XRP Price Section
XRP is the native asset of the XRP ledger, a blockchain originally developed in 2011 by developers David Schwartz, Arthur Britto and Jed McCaleb.
The protocol officially launched in 2012 and, not long after, the team formed a new company called “OpenCoin,” led by Chris Larsen who joined as CEO. The following year, the company changed its name to “Ripple Labs Inc.” before shortening it, for marketing purposes, to “Ripple” in 2015.
While XRP and Ripple are intrinsically linked, it’s important to note that they operate as two distinct entities. Ripple is a fintech company that builds global payment solutions while XRP is an independent digital asset that can be used for microtransactions, remittance and online payments.
The original founders pre-mined (created before the project’s launch) one hundred billion XRP tokens in 2012. Ripple retained 80 billion tokens to fund future operations and development, whilst the founders divided the remaining XRP between them.
Unlike bitcoin and other mined cryptocurrencies, where new coins enter the market in the form of block rewards, XRP enters circulation whenever Ripple decides to sell coins from its pre-mined stash on the secondary market.
In 2017, the company transferred 55 billion of its 80 billion XRP tokens into an escrow account from which it could sell a maximum of one billion tokens a month on the secondary market. This was done to improve the transparency and predictability of XRP being sold by Ripple.
At the end of each selling period, unsold tokens are returned to escrow and re-distributed at a later selling period. Over the last 32 months, 32 billion XRP has been released from escrow. However, 25.8 billion has been returned.
As of April 8, 2021, the escrow account holds 47.8 billion XRP tokens
How XRP works
Ripple developed the XRP ledger to facilitate cross-border payments between banks around the world. The ledger is a permissionless network of peer-to-peer servers that powers XRP operations.
XRP is the native token and is intended to act as a “bridge” between hard-to-match fiat currencies. So if, for example, there are no market makers on the network willing to trade shekels for shillings, one can sell the former for XRP and then use it to buy the latter.

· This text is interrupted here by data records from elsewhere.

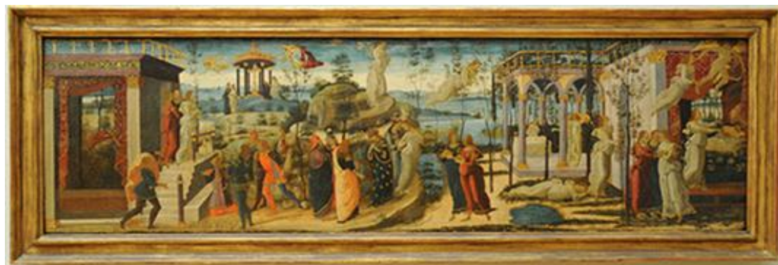
تصویر ۳: یاکوپو دل سلايو، داستان پسوخه .

گودمن داستان پسوخه از یاکوپو دل سلايو ۱ (تصویر ۳) را مورد بررسی قرار می‌دهد که تصویرگر روایت عشق میان کوپید و دختری به نام پسوخه است. رویدادهای متعدد در یک چشم‌انداز واحد، «با حضور پسوخه در هر یک از آنها» («داستان‌های تاب‌خورده»، ۱۹۸۱، ص. ۱۰۱) قابل تشخیص هستند. پسوخه به عنوان شخصیت اصلی داستان در جامه‌ی سپید در همه‌ی صحنه‌ها حضور دارد و «غیرممکن بودن حضور یک شخص در مکان‌های مختلف در زمانی واحد ما را متوجه این موضوع می‌کند که تفاوت وضعیت مکانی در صحنه‌های مختلف می‌بایست به عنوان تفاوت موقعیت زمانی اتفاقات به تصویر کشیده‌شده تفسیر شود» (همان، ص. ۱۰۱). نقاش با استفاده از حضور مکرر پسوخه نشان می‌دهد که رویدادها یکی پس از دیگری و با گذشت زمان اتفاق می‌افتند. توالی اصلی داستان پسوخه با قرارداد زبانی در غرب مطابقت دارد. به علاوه، «جهت اصلی روایت کردن با استفاده از جهت‌دهی شخصیت‌های بزرگ‌تر از پسوخه تعیین می‌شود» (همان، ص. ۱۰۴) که در آن هفت شخصیت از هشت شخصیت سفیدپوش پسوخه متمایل به راست هستند.
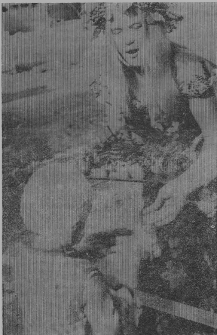
Щедрыми дарами встречает «осень» детей.
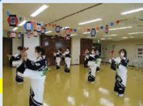
『旭区老人クラブ連合会女性委員会』 による踊りの披露から始まり、 あっという間の練習会は大変好評でした。
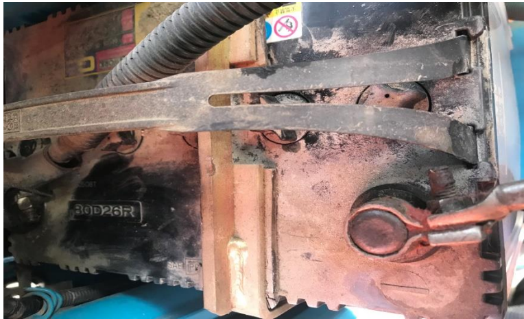
バッテリー写真 (12V) 80E26R
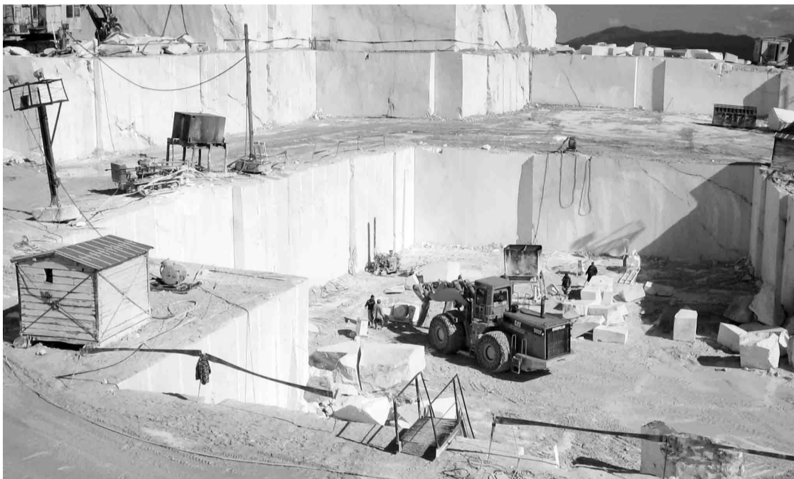
Кибик-Кордонское месторождение мрамора

22 декабря 1973 года завершилось строительство Саяно-Шушенского камнеобрабатывающего комбината, началась работа по добыче и обработке мрамора и гранита

The XRP ledger uses the Ripple Consensus Algorithm, which differs from proof-of-work and proof-of-stake mechanisms in that network participants are known and trusted by other participants. Unlike miners, they are not rewarded for securing the network. Once validators agree, a new block – a “ledger version” – is created and validated. The block’s content cannot be changed. This allows servers in the network to store a complete history of the ledger state.
XRP is also used to provide on-demand liquidity (ODL) for Ripple’s flagship RippleNet service – a global payments network of financial institutions that was originally three separate products prior to 2019: xCurrent ( a real-time settlement solution), xRapid (a liquidity solution) and xVia (a payment API.)
ODL is simply the process of exchanging one fiat currency, say U.S. dollars, for XRP tokens, sending those tokens to a receiving account who then exchanges the XRP for their local fiat currency, say, Philippine Pesos. Unlike fiat currencies that can take days to send, XRP transactions usually take around 3 seconds. Not only is this significantly faster but it also dramatically reduces any exchange rate slippage.
According to Ripple’s XRP documentation, the ledger settles payments in under five seconds and can handle over 1,500 transactions per second. A small amount of XRP – about 10 drops (a unit of XRP) worth 0.00001 XRP – is destroyed to cover transaction fees. The transaction cost is designed to increase along with the load of the network to disincentivize using the network during busy periods. All XRP transactions are executed and settled on the ledger.